Go through the material below and state how many lines include "these", giving the number only.

********************

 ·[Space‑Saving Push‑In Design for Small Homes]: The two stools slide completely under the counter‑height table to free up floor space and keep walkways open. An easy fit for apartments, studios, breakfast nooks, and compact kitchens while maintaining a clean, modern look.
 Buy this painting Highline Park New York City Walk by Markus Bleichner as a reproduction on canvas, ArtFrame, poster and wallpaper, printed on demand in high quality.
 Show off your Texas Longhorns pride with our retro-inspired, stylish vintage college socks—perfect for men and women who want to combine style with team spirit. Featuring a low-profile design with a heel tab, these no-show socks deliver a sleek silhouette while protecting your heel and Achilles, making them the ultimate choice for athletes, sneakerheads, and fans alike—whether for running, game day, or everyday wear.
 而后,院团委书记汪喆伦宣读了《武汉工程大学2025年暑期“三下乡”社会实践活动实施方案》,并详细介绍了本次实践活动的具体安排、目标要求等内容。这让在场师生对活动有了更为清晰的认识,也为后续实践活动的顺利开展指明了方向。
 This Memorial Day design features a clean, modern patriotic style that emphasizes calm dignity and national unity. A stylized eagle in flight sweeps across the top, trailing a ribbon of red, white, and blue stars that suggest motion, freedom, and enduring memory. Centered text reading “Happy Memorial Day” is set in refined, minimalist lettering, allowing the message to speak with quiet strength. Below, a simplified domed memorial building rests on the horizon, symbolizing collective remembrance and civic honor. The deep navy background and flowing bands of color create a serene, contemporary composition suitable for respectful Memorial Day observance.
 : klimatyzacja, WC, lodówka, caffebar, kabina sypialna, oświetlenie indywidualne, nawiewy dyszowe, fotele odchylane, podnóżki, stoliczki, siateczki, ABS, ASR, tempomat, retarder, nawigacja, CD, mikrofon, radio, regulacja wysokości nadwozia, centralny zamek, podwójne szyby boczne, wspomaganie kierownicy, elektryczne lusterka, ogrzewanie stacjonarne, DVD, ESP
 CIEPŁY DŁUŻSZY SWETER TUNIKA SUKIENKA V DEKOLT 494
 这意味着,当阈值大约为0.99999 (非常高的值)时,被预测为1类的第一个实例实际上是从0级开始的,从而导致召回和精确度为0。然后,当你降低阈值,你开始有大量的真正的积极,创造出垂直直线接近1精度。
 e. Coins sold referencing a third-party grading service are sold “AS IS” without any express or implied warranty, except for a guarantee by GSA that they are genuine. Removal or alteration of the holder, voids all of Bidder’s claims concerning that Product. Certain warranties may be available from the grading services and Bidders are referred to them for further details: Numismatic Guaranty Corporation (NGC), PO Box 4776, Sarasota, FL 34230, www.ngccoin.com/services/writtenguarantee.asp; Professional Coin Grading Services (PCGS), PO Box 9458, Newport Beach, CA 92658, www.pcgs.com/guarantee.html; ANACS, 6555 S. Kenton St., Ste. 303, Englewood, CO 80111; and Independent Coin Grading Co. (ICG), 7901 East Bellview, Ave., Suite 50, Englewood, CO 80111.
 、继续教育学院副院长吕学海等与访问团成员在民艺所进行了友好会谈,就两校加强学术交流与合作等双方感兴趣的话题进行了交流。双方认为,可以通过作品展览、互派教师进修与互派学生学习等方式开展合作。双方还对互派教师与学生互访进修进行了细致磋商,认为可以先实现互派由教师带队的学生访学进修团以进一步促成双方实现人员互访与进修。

********************

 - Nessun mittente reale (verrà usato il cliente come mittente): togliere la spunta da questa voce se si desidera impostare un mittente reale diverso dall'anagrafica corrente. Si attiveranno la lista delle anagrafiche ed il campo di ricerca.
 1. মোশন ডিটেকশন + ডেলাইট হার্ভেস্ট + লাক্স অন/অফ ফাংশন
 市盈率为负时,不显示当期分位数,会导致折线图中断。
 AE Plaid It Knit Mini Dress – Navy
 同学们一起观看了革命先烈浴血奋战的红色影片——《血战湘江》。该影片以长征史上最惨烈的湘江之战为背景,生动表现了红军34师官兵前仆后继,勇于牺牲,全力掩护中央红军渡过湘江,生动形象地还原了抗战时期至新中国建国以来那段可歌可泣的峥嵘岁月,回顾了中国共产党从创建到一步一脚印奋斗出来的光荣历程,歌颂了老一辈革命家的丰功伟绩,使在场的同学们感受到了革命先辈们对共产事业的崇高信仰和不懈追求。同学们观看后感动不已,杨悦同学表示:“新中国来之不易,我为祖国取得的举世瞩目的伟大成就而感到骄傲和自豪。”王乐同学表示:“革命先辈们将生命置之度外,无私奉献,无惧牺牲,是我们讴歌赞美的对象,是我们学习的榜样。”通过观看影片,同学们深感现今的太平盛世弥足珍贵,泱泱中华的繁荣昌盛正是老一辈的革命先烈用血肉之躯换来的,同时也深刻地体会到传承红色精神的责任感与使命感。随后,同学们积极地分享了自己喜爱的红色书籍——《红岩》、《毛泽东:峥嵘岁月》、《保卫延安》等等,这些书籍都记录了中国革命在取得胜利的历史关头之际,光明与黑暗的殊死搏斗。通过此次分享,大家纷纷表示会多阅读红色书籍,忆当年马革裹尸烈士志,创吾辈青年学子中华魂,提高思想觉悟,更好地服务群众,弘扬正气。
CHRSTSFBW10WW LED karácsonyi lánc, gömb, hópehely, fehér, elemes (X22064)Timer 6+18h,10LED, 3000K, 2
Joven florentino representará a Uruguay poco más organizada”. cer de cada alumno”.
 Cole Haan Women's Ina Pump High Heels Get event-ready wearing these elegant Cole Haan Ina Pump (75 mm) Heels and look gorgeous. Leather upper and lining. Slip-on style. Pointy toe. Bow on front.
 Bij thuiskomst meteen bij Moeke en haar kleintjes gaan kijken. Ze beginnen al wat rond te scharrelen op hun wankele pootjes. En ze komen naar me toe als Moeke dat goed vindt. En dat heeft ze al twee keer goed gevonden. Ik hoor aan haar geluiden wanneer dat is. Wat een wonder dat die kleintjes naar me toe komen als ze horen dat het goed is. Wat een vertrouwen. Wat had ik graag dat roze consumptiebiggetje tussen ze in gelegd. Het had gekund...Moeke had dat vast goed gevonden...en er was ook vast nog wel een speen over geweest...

********************

EXPECTED ANSWER
2